The suffix array is probably the suffix rank to do some things, because each substring in the string can be regarded as a prefix of a suffix
The suffix ranking can be obtained by multiplication method
First, array meaning (for string s)
Sa[i]: Position of the beginning of the suffix of I in S
Height[i]: LCP (longest common prefix) with a suffix of I and a suffix of i-1
C[]: Used for cardinal sort, statistic prefix and
Rank[i]: The ranking of suffixes starting with s[i] is clearly rank[sa[i]]=i sa[rank[i]]=i
Second, seeking sa[] concrete ideas
1. Use multiplication method to construct the first and second keywords, the first keyword small row in front, the first keyword the same second keyword small row in front.
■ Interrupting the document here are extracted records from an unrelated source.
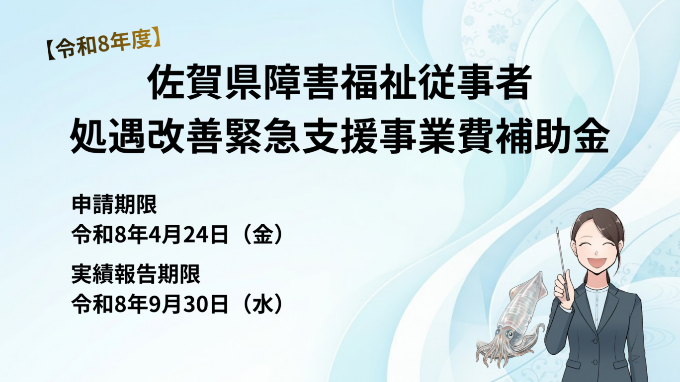 佐賀県では、障害福祉分野の人材不足や人材流出への対応として、障害福祉従事者の賃上げを支援するための「障害福祉従事者処遇改善緊急支援事業費補助金」が案内されています。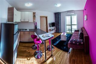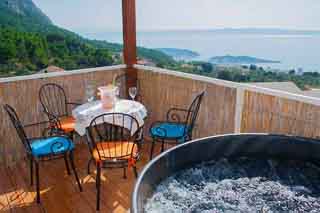 Apartment RUSTIKA A1 / 72 m2 + terrace / Luxuriously furnished duplex apartment for rent is located in the town of Veliko Brdo above Makarska, surrounded by olive groves, away from the noise provides guests a quiet holiday. The apartment consists of two floors, has 2 double bedrooms + living room + hall + kitchen + bathroom / WC and a separate WC and terrace with jacuzzi and beautiful views of the city, sea and islands.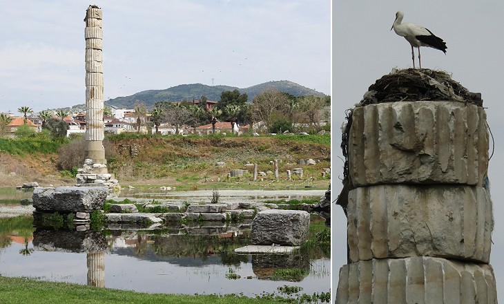 Artemision: (left) podium of the temple; (right) a stork with a passion for antiquities (not the only one)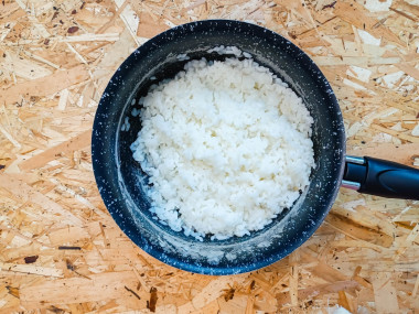 Готовый рис охладите. Также вы можете отварить рис в большом количестве воды (ок. 400 мл) до полуготовности, примерно 10 минут. Во время запекания в духовке рис дойдет до полной готовности.

2. Optimization: If the suffix length is enumerated to a large hour, the rank of each suffix is different from each other, then you can exit directly, it is obvious
Third, seeking height[] concrete ideas
First find out Rank[i]
See height[], known as suffix (sa[rank[i-1]) and suffix (i) LCP
As soon as you find the beginning of suffix (sa[rank[i-1]), the brute force enumeration
Here is a small optimization (see http://www.cnblogs.com/LLGemini/p/4771235.html for details)
H[] is height[]
For I>1 and rank[i]>1, there must be h[i]≥h[i-1]-1. (This nature should be well understood!) )
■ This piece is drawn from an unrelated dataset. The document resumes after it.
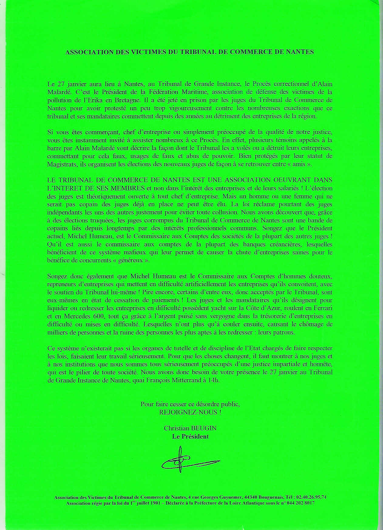 Un jour, je tombe par hasard sur un reportage surréaliste à la télé de M6 Nantes : on y voit dans une salle du tribunal de commerce de Nantes, un homme saisir l’urne contenant les votes servant à élire les juges du tribunal de commerce de Nantes et la jeter par la fenêtre sous les yeux des journalistes ! Il s’agit d’Alain Malardé, qui montre aux journalistes que pour 6 postes de juges à pourvoir, il n’y a que 6 candidats ! Tous seront donc automatiquement « élus »… Malardé poursuit en disant que cette pénurie de candidats est volontaire. C’est une parodie d’élection qui se poursuit depuis des années. Elle permet à des chefs d’entreprise véreux d’être cooptés comme juges et là, de grenouiller dans de nombreuses affaires sordides. C’est cette justice-là qui est censée régler le problème des indemnités de la marée noire de l’Erika que les riverains bretons – dont Malardé – attendent en vain depuis des années. Cet argent circule bien, mais il est capté par des intermédiaires de toutes sortes, dont des politiciens sans scrupule et, à cette allure-là, il ne va plus rien rester pour les gens à indemniser. Je vois un dénommé Christian Beugin prendre ensuite la parole et inviter ceux qui ont des problèmes avec le tribunal de commerce à rejoindre son association, «l’Association des Victimes du Tribunal de Commerce de Nantes » !!! Bon sang ! Il y a une association pour lutter contre les truands du tribunal de commerce ! Pas croyable ! J’y adhère immédiatement et, très rapidement, vu mon activisme habituel, mon expérience associative et mon goût pour la plume, j’en deviens le Secrétaire.

Proof: Set suffix (k) is the suffix of suffix (i-1), and their longest common prefix is h[i-1].
Then suffix (k+1) will be in front of suffix (i) (where h[i-1]>1 is required, if h[i-1]≤1, the primitive is clearly established) and suffix (k+1) and suffix (i) the longest common prefix is h[i-1]-1,
So suffix (i) and the longest common prefix in its previous suffix are at least h[i-1]-1.
calculated in order of h[1],h[2],......, H[n], and using the properties of H array, the time complexity can be reduced to O (n).
Iv. Matters of note
Build sa[], pass 4 parameters into the function, set the original string is s, set S length is n,s the size of the largest character m
Build_sa (S[],SA[],N+1,M)
The reason to pass n+1 instead of n is to fill a "0" at the end of S.
Cause: Prevent array from overstepping
for (int i=1;i<n;i++) x[sa[i]]= y[sa[i]]==y[sa[i-1]]&&y[sa[i]+k]==y[sa[i-1]+k]?p-1:p++;
if &NBSP;X[IDX1]==X[IDX2] (note idx1!=idx2), description to idx1 or idx2
begins with a length of len
string certainly does not include the character x [n-1]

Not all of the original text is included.